Dandy Is Not A Villain In The Eyes Of Finn Wittrock
American Horror Story: Freak Show is left with its final three episodes and it has quite obviously been one of the most controversial seasons of the show yet. Most of the characters of the show are boxed with complications and we often end up putting them in the grey area. We are often unsure about how exactly to conceive a character. Take Twisty, the clown, for instance. He was a child kidnapping, murdering monster for quite sometime but then we were taken back to his days of innocence and then we cannot help but feel sorry for him. He was once the nicest, the most harmless kind of man who only wished to spread joy in his days. But then the spiteful backstabbers and his perilous innocence led him to this path of eternal doom. We have seen the dark pasts of most of the freak show performers but like Edward Mordrake, we have been able to see the light in them too. However, one person we would npt have expected any good from would be Dandy. I mean, the man murdered his own mother in cold blood. But the one person who argues about the evilness of Dandy is none other than Finn Wittrock, who plays the role.

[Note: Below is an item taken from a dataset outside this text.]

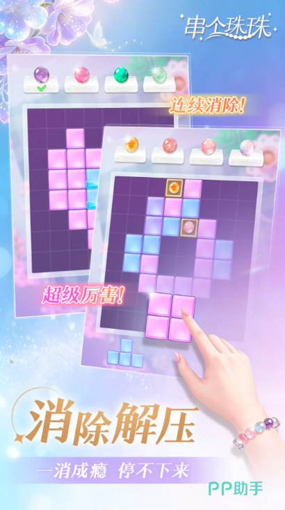 游戏中全部50多种串珠均无需付费获取,全部依赖玩家逻辑思维与操作技巧解锁。关键机制融合俄罗斯方块式消除玩法——玩家需在限定区域内滑动、旋转并消除指定数量的水晶方块,达成目标后即可开启宝盒,随机获得新珠种或稀有配饰,真正实现“用脑力换材料”。

Wittrock stated in an interview with Vulture, “Dandy revered the clown, he puts him on a pedestal, he wants to be him, and then he basically becomes him. I mean, he becomes his own version of him. He’s still Dandy. I think he inhabits the clown’s spirit and that liberates him to do all the nefarious things that he does.” Well, that definitely is one way to put it but Wittrock doesn’t stop here, he further states, “I can never think of him as a villain. I can never think of him as evil.”
Almost all the actors on American Horror Story admires the show’s plot and has their own view on this unique piece by Ryan Murpy and Finn Wittrock is no exception. The actor stated in an interview with Indiewire, “There’s monsters in all of us, but there’s also vulnerability. I think there’s a lot. Ryan Murphy, he basically tries to find something that’s a pulse, a pressure point in our culture, and he grabs it and he squeezes it. I think Freak Show has a lot to do with the entertainment industry and the way we entertain ourselves, the objectification of people and the lengths we’ll go for our own amusement. It’s sort of a warped version of our pop culture.” To play the character flawlessly as he does, it is important to fully comprehend the Dandy’s characteristics and Wittrock explains how he does that by stating, “I just have to keep getting under his skin. But he realizes that his purpose in life is to kill. It doesn’t get more dangerous than that. Because I actually found that the killing is not out of hatred. He kind of likes the people that he kills. He wanted to be a performer, and somehow that’s transformed into murder, so he thinks of it as a performance, like he’s fulfilling his destiny.”